X_train, X_test, y_train, y_test = train_test_split(X_var, y_var, test_size = 0.2, random_state = 0)  print(cl('X_train shape : {}'.format(X_train.shape), attrs = ['bold'], color = 'black')) print(cl('X_test shape : {}'.format(X_test.shape), attrs = ['bold'], color = 'black')) print(cl('y_train shape : {}'.format(y_train.shape), attrs = ['bold'], color = 'black')) print(cl('y_test shape : {}'.format(y_test.shape), attrs = ['bold'], color = 'black'))

Output:

X_train shape : (160, 5) X_test shape : (40, 5) y_train shape : (160,) y_test shape : (40,)

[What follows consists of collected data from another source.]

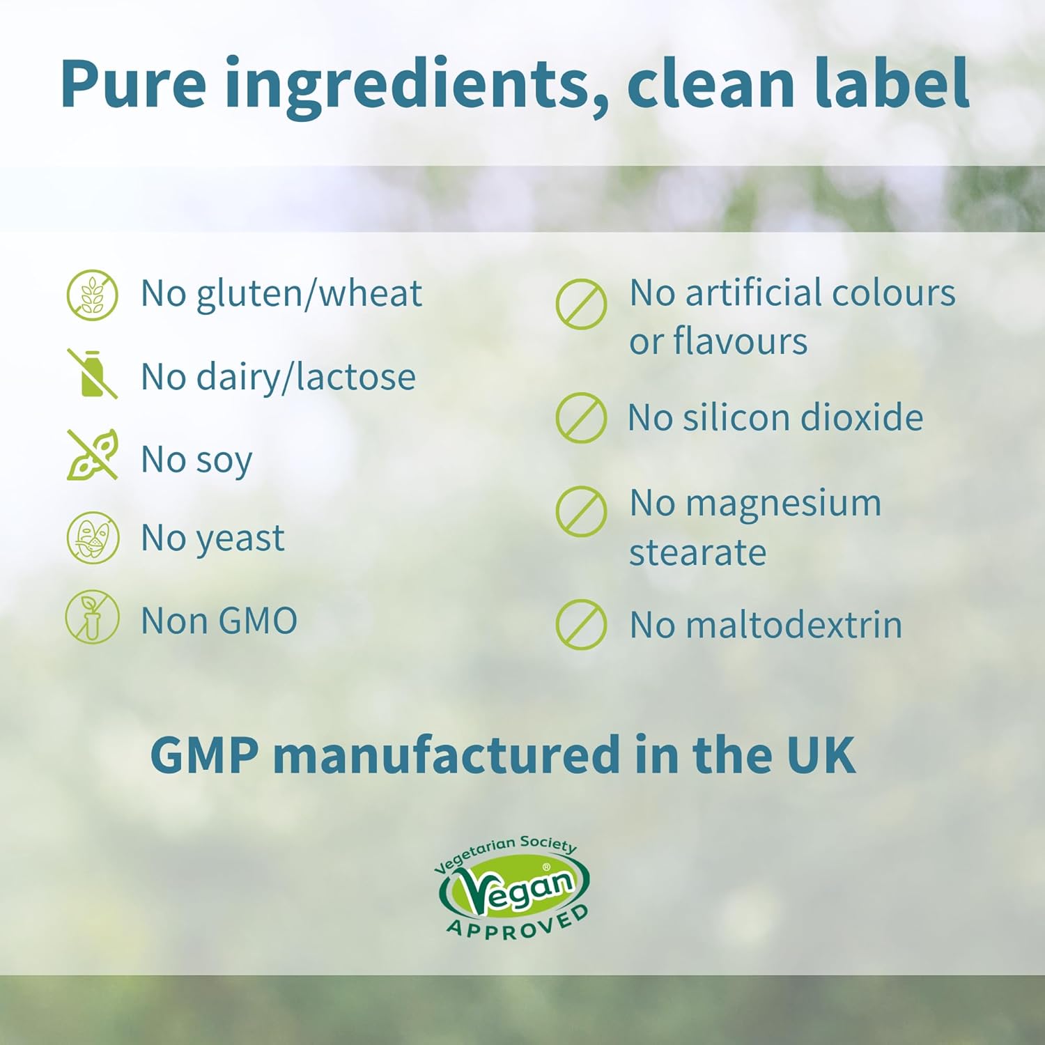 • Vegan & Clean Formulation: 100% vegan-friendly and typically free from major allergens, GMOs, artificial colours, and unnecessary fillers, meeting the highest standards of clean supplementation.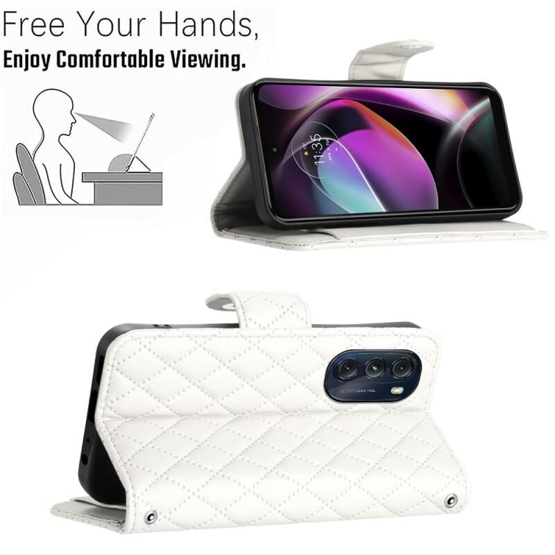 Για Motorola Moto G 5G 2022 Rhombic Texture Flip δερμάτινη θήκη τηλεφώνου με κορδόνι (λευκό)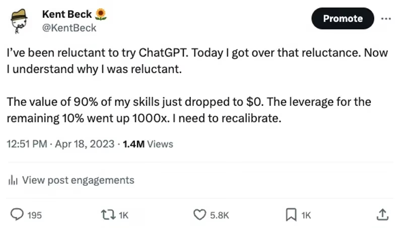 Alors, que se passe-t-il réellement lorsque la taille de l’équipe se réduit à 2 personnes ? Licencie-t-on tous les autres membres de l’équipe ? Non, je pense que les entreprises intelligentes vont doter tout le monde de pouvoirs IA, au lieu de n’en doter que quelques-uns et de licencier les autres. Licencier un grand nombre de personnes pour cette raison risque de créer une culture de peur et un manque d’innovation – les gens ne seront pas incités à explorer davantage cette technologie, puisque l’efficacité accrue signifie plus de licenciements.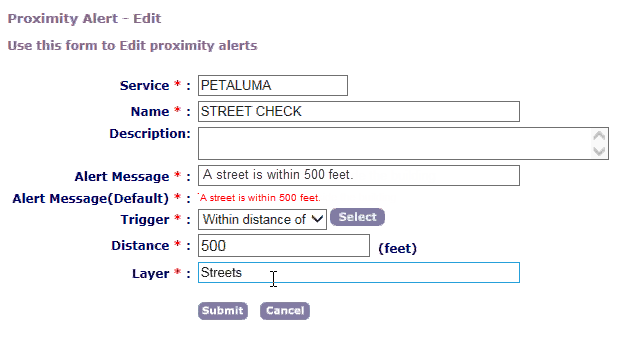 To configure a proximity alert on Civic Platform, go to Admin Tools > GIS > Proximity Alerts, and enter values in the following fields:
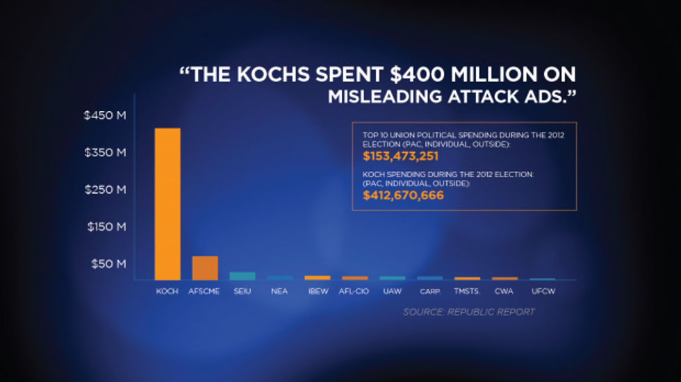 To be fair, our unbiased source Republic Report notes that the Koch spending is Pac, individual, and outside spending. In this context, outside spending apparently means the spending of every single person in America who agrees with the Koch brothers.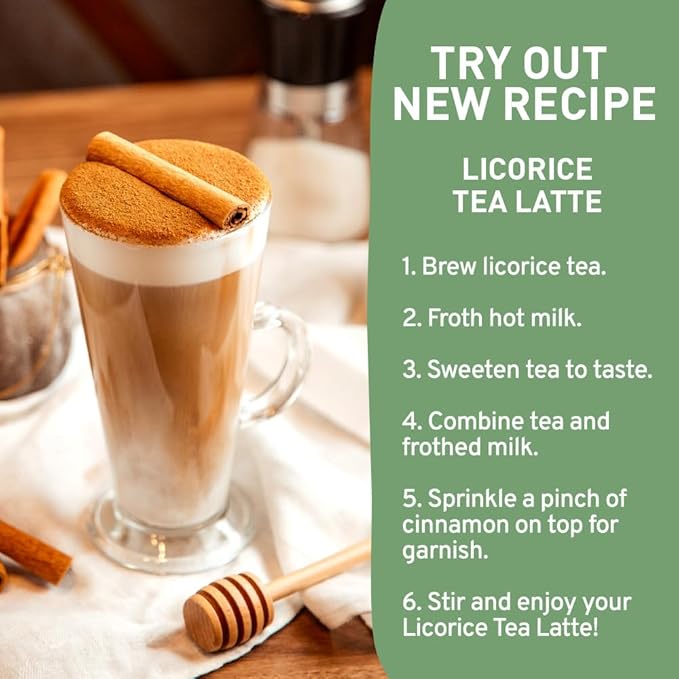 • PURE & CAFFEINE-FREE - Embrace the goodness of our Licorice tea, where each tea bag holds the essence of high-quality herbs and tea leaves. Take a moment to enjoy the refreshing flavors, knowing that you are savoring a cup of tea that is free from any unwanted additives. Allow this pure and caffeine-free indulgence to invigorate your senses and well-being.

Now we have all the components to build the decision tree model. So, let's go ahead and build our model in python.

Step 5: Build model and prediction

With the help of the "DecisionTreeClassifier" algorithm provided by the scikit learning package, it is feasible to build a decision tree. Afterwards, we can use our trained model to predict our data. Finally, the accuracy of our prediction results can be calculated using the "Accuracy" evaluation metric. Let’s use python to complete this process!

Python implementation:

model = dtc(criterion = 'entropy', max_depth = 4) model.fit(X_train, y_train)  pred_model = model.predict(X_test)  print(cl('Accuracy of the model is {:.0%}'.format(accuracy_score(y_test, pred_model)), attrs = ['bold']))

Output:

Accuracy of the model is 88%

在代码的第一步中，我们定义了一个名为“model”变量的变量，我们在其中存储DecisionTreeClassifier模型。接下来，我们将使用我们的训练集对模型进行拟合和训练。之后，我们定义了一个变量，称为“pred_model”变量，其中我们将模型预测的所有值存储在数据上。最后，我们计算了我们的预测值与实际值的精度，其准确率为88%。

步骤6：可视化模型

现在我们有了决策树模型，让我们利用python中scikit learn包提供的“plot_tree”函数来可视化它。按照代码从python中的决策树模型生成一个漂亮的树图。

Python实现：

feature_names = df.columns[:5] target_names = df['Drug'].unique().tolist()  plot_tree(model,            feature_names = feature_names,            class_names = target_names,            filled = True,            rounded = True)  plt.savefig('tree_visualization.png')

输出：

结论

有很多技术和其他算法用于优化决策树和避免过拟合，比如剪枝。虽然决策树通常是不稳定的，这意味着数据的微小变化会导致最优树结构的巨大变化，但其简单性使其成为广泛应用的有力候选。在神经网络流行之前，决策树是机器学习中最先进的算法。其他一些集成模型，比如随机森林模型，比普通决策树模型更强大。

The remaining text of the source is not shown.